В чем у меня нет ни малейшего сомнения, так это в том, что мы обрекли его на роль противника нашей политики, применив к нему репрессии согласно закону Роулетта сразу после мировой войны, когда и он, и все индийцы имели полное основание ожидать заметного сдвига в сторону самоуправления в награду за столь чувствительную поддержку в войне против Германии. С ума мы тогда сошли? Или просто сглупили? Или это было вероломство? Или страх? Или просто победа ударила в голову и кожа стала толстая и жалко было выпустить что-то из рук? Какого черта было в 1917 году заявлять, что наша цель — предоставить Индии статус доминиона, а через какой-нибудь год вводить закрытый суд за политические преступления и предоставлять властям провинций право держать людей в тюрьме без суда по закону об обороне Индии якобы в порядке борьбы с так называемой анархией, а на самом деле чтобы сделать всякое выражение собственного мнения юридически наказуемым? Ничего себе «статус доминиона», а?
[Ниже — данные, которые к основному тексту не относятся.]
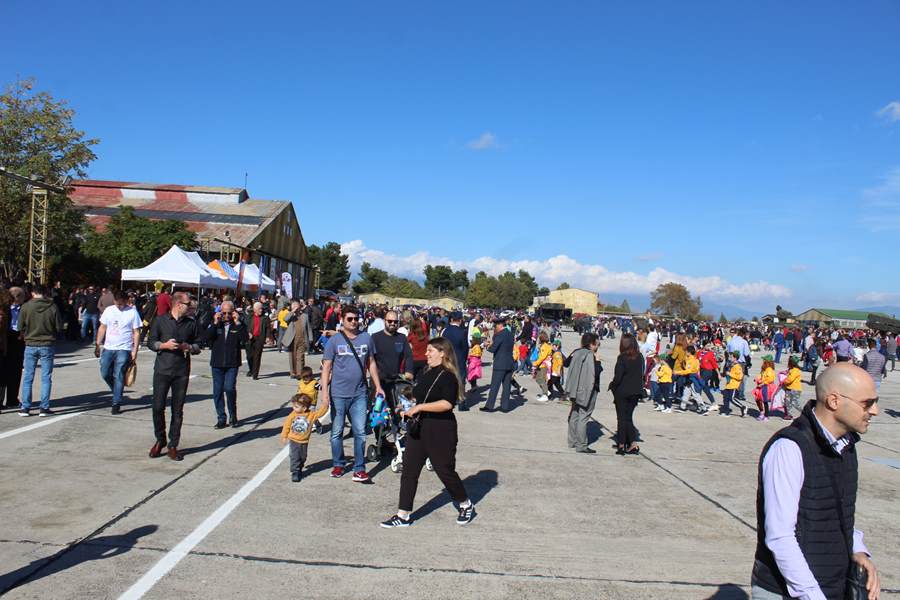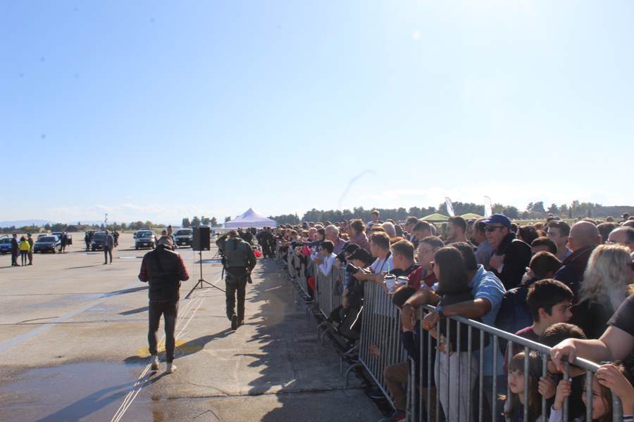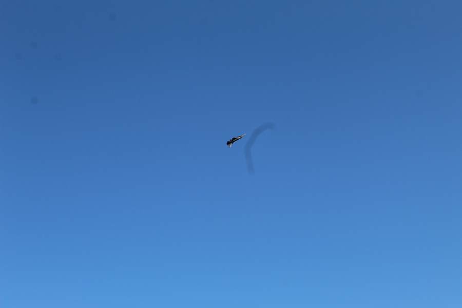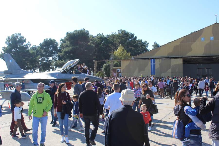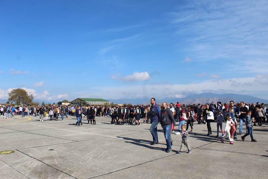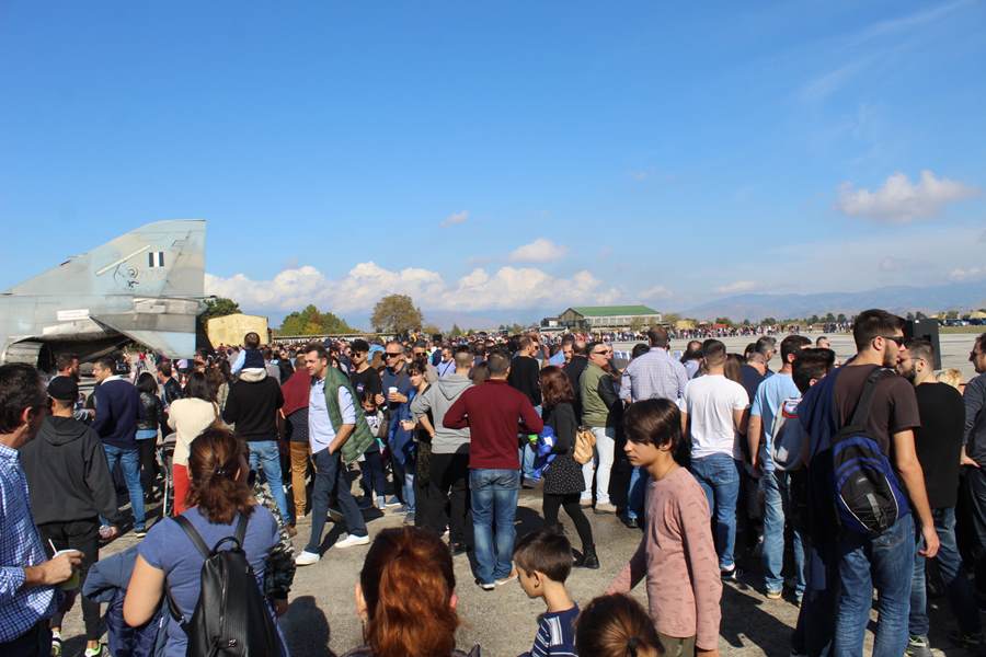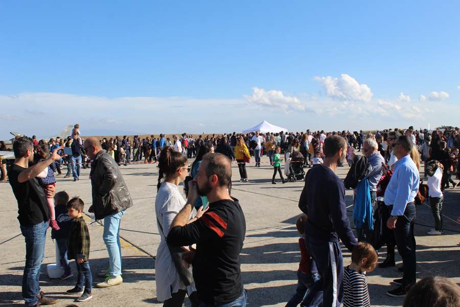 Οι εντυπωσιακοί ελιγμοί στον αέρα ενθουσίασαν τους Λαρισαίους που παρακολούθησαν την επίδειξη.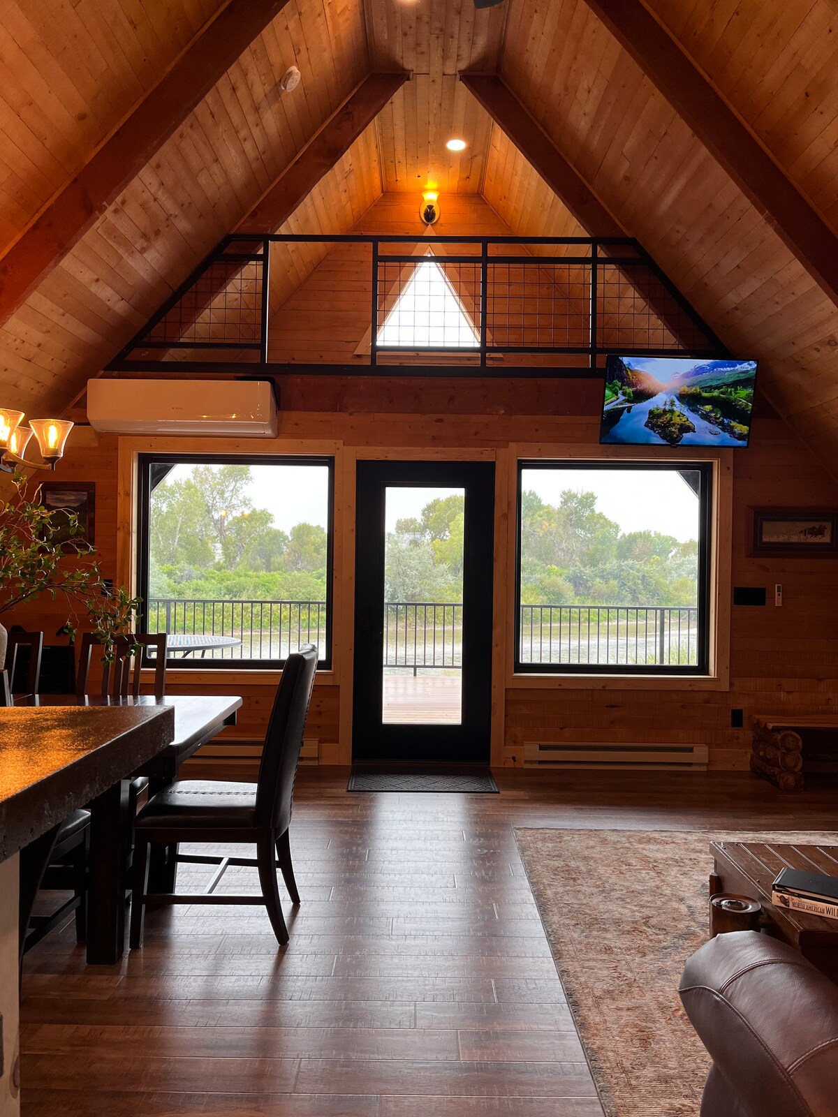 This newly remodeled second story cabin on Pine Creek is a sanctuary. The cabin has a nature inspired interior with a slate tile entry, wood floors and tongue and groove ceilings that give it a mountain modern feel. Enjoy watching abundant wildlife from every window and listening to the gentle stream while sitting in the private garden. This cabin is located close to downtown Pinedale and next door to hosts, yet it feels secluded. 78 scenic miles to downtown Jackson, WY.

К чему это привело, вы помните, а потом был генерал Дайер в Амритсаре, и опять волна недоверия, страха, подозрения, и тут появляется Ганди в ореоле Махатмы, единственный, кто мог дать ответ, но теперь уже не британский ответ, а индийский. Простите. Меня до сих пор в жар бросает, как вспомню 1919 год. И до сих пор становится нестерпимо стыдно.
…Нет, для этого я был слишком молод. Я попал в Индию, на гражданскую службу, в 1921-м. Своих мыслей в голове, можно сказать, не было. Я вызубрил, что полагалось, сдал экзамены, прочел легенды и мифы. И мечтал, как буду, сидя под деревом, покуривать трубку и воображать себя многообещающим администратором, который сумеет рассудить и старых и молодых, и сам стану легендой, и меня запомнят и еще через пятьдесят лет после моей смерти будут вспоминать как белого сахиба, который принес деревням мир и благоденствие.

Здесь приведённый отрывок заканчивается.